ITV Racing is a programme produced by ITV Sport for races shown on ITV or ITV4 in the United Kingdom. The programme is referred to as Racing on STV in Northern and Central Scotland on STV. In its previous incarnation, the show was an essential part of World of Sport.

History

1969-1985
It started on 4 October 1969 when the programme began to show horse racing from two courses each week rather than one, under the title "They're Off". In the early 1970s it changed to The ITV Seven, reflecting the number of races it showed each week. The ITV Seven was also the title of an accumulator bet where vast sums of money could be won if you correctly predicted the winners of all seven races.

The feature was sometimes known (especially in later years) as the ITV Six, the ITV Five or even the ITV Four, if fewer races were being shown. On these occasions, the bet would be on the remaining televised races and would be comparatively simpler to win, however it was still fairly difficult to win with, on just one bet.

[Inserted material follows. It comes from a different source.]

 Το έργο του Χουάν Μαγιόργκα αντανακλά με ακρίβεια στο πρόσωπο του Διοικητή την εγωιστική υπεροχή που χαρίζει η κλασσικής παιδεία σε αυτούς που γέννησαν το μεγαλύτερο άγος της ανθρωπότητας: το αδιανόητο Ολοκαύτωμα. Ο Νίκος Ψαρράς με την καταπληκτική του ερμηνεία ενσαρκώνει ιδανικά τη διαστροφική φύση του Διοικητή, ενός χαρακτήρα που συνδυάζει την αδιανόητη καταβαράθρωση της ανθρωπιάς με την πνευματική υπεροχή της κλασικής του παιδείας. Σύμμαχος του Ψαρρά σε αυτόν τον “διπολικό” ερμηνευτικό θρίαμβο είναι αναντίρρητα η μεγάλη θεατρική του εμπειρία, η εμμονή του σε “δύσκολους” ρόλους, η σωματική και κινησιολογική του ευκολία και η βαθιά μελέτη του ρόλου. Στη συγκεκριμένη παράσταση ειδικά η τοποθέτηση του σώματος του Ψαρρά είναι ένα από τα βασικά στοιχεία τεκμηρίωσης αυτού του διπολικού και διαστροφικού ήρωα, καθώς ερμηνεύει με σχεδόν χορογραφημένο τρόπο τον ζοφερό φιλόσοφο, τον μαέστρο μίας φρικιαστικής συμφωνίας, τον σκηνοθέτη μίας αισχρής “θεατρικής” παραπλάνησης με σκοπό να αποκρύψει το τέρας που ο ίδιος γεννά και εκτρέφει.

The weekly live coverage came from racecourses such as Sandown Park, York, Newmarket, Doncaster, Newcastle and Redcar. More minor tracks like Warwick, Catterick and Market Rasen were also extensively featured, especially during the National Hunt season in the winter, when ITV had the rights to fewer of the big races.  Meetings from Goodwood and Haydock Park appeared occasionally, and a meeting from Ascot was shown as a one-off in 1977 when the BBC were covering the Grand National at Aintree. From January 1980 onwards, meetings from Kempton Park were shown regularly - before that time, Kempton meetings were on the BBC and were featured on Grandstand.

When racing was impossible due to the weather, greyhound racing would often be shown instead (those were the days before all-weather horse racing).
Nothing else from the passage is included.